Databricks Community

GeKo · ‎05-10-2024

Hello,

after switching to "shared cluster" usage a python job is failing with error message:

Py4JJavaError: An error occurred while calling o877.load.
: org.apache.spark.SparkSecurityException: [INSUFFICIENT_PERMISSIONS] Insufficient privileges:
User does not have permission SELECT on any file.

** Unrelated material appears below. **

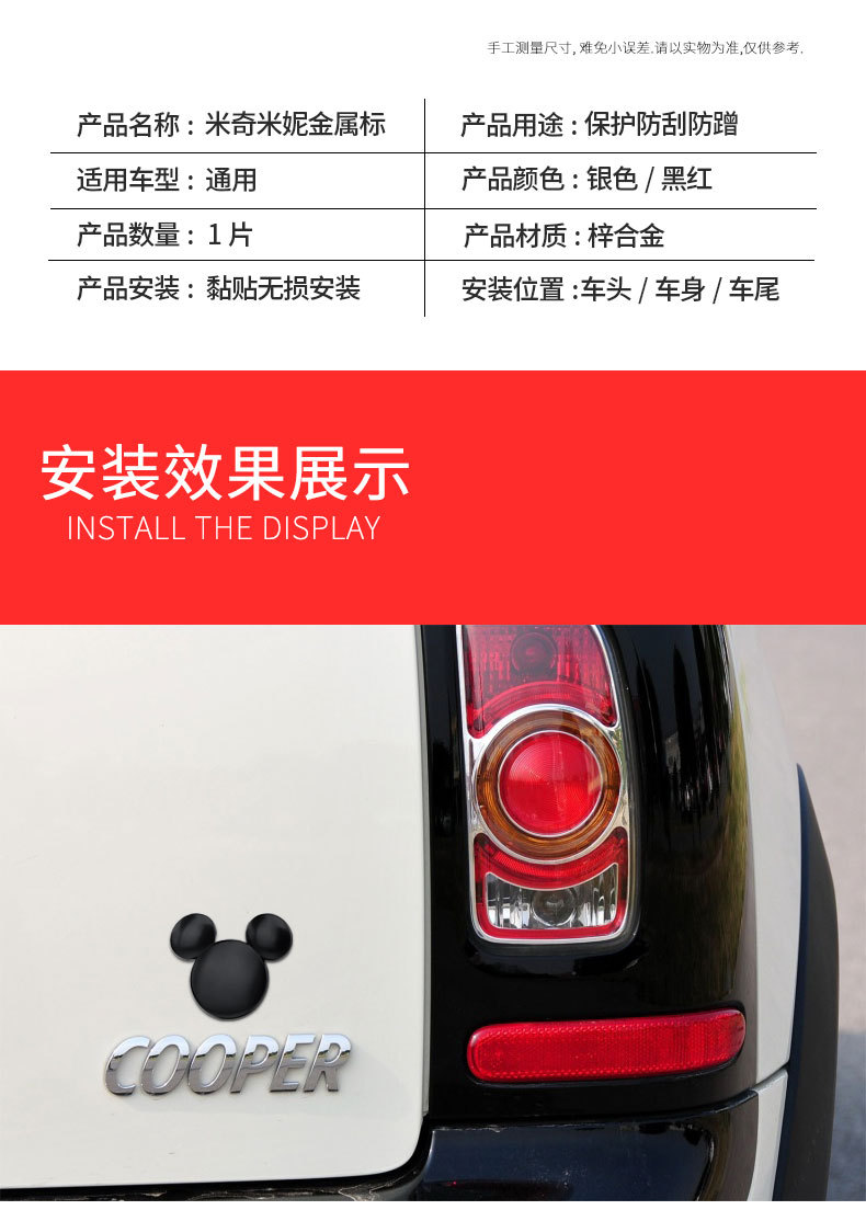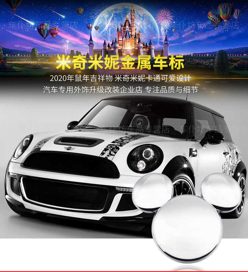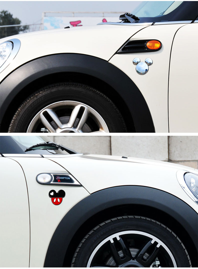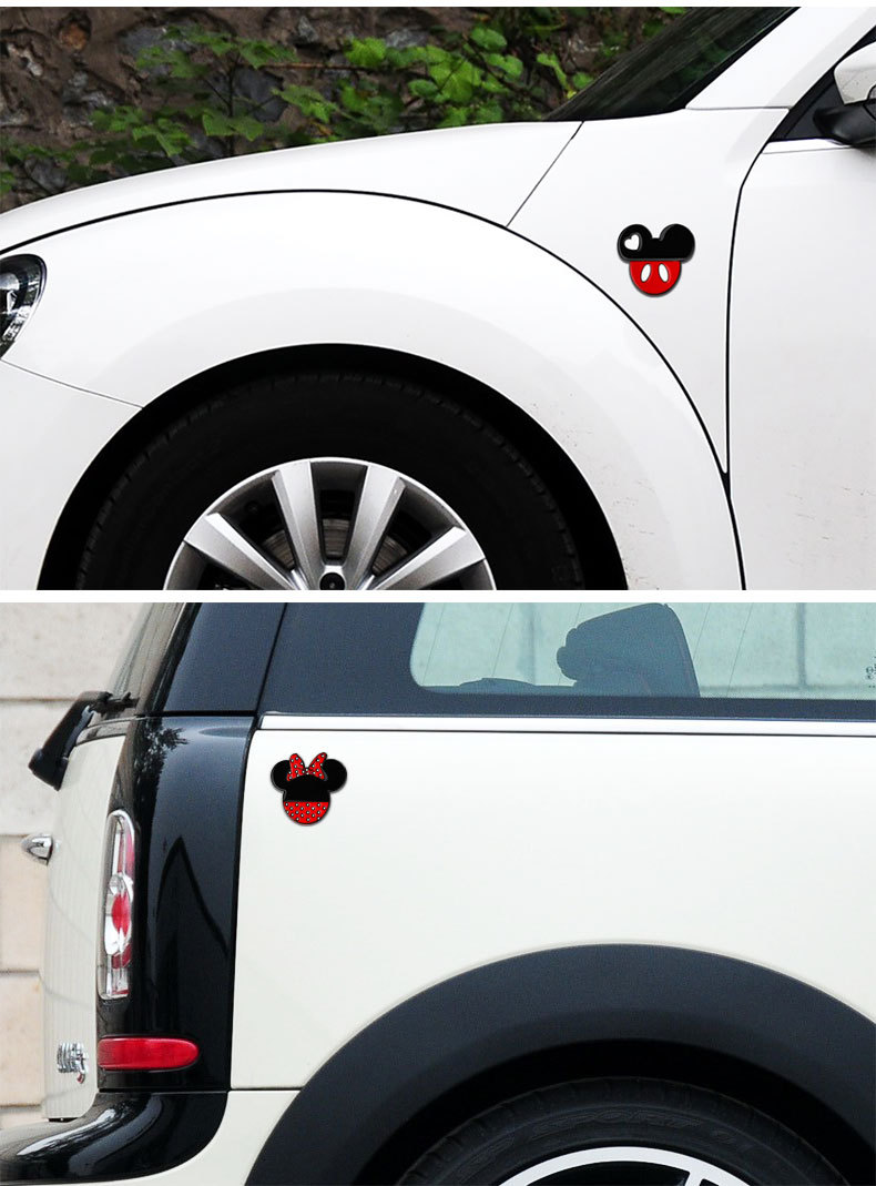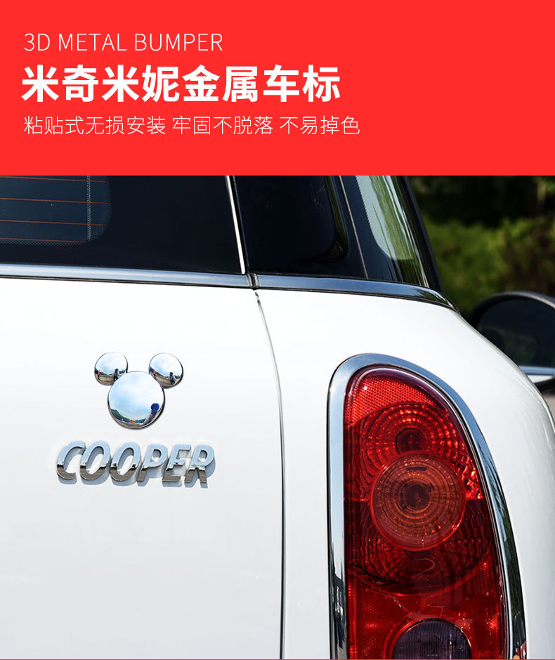크로스 보더 자동차 스티커 자동차 꼬리 로고 3D 입체 미키 창조적 인 성격 귀여운 금속 자동차 로고 스크래치 커버스토어 가기

This error happens on the attempt of reading messages from a Kafka topic, according to the stacktrace (in the spark method spark_.read) =>

    288 else:
    289     raw_df = (
    290         self.spark_.read.format("kafka")
    291         .option(
    292             "kafka.bootstrap.servers",
    293             self.kafka_secrets.kafka_bootstrap_servers,
    294         )
    295         .option("subscribe", topic.topic)
    296         .option("groupIdPrefix", topic.consumer_group_prefix)
    297         .option("startingOffsets", "earliest")
    298         .option("failOnDataLoss", "false")
    299         .option("includeHeaders", "true")
    300         .options(**self.sasl_ssl_auth_options)
    301         .options(**spark_opts)
--> 302         .load()
    303     ).drop("timestampType")

The job runs fine if "streaming" is enabled, means we use spark_.readStream instead.

What exactly is raising the "INSUFFICIENT_PERMISSIONS" error, at using "spark_.read" methon , and how to get rid of it ?!?!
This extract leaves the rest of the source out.